## [Problem statement]
Nothing but the lines below from the one that contains "Un evento temático" through the one that contains "На богослужении Его" should be retyped, exactly and including both ends. Do not include pictures.

## [Records to use]
□ □ □ □
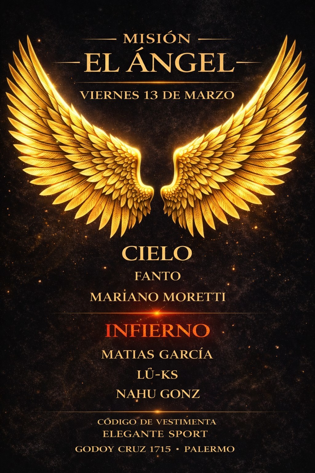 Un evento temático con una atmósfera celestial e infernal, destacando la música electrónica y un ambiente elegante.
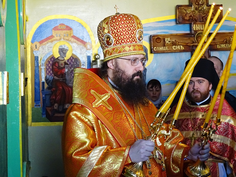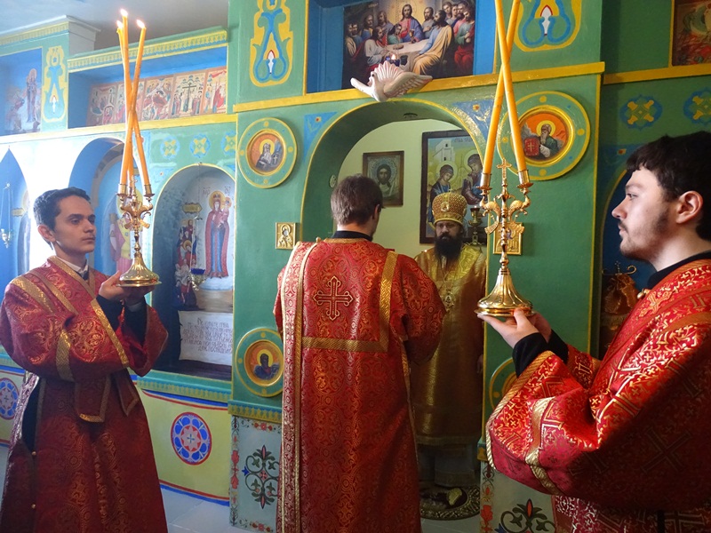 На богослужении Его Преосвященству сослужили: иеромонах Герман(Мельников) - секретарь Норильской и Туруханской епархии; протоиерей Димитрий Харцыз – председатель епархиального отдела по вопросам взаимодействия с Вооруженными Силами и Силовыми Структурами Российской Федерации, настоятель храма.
□ □ □ □
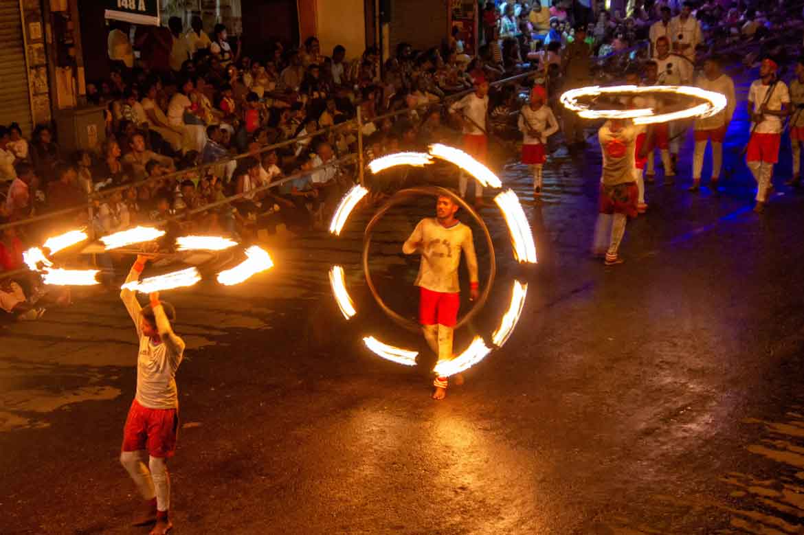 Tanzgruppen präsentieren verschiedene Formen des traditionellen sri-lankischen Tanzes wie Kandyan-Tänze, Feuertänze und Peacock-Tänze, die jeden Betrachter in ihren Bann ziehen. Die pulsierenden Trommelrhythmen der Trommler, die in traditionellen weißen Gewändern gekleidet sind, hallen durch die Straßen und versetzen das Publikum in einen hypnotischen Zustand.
□ □ □ □
## [Reply]
 Un evento temático con una atmósfera celestial e infernal, destacando la música electrónica y un ambiente elegante.
 На богослужении Его Преосвященству сослужили: иеромонах Герман(Мельников) - секретарь Норильской и Туруханской епархии; протоиерей Димитрий Харцыз – председатель епархиального отдела по вопросам взаимодействия с Вооруженными Силами и Силовыми Структурами Российской Федерации, настоятель храма.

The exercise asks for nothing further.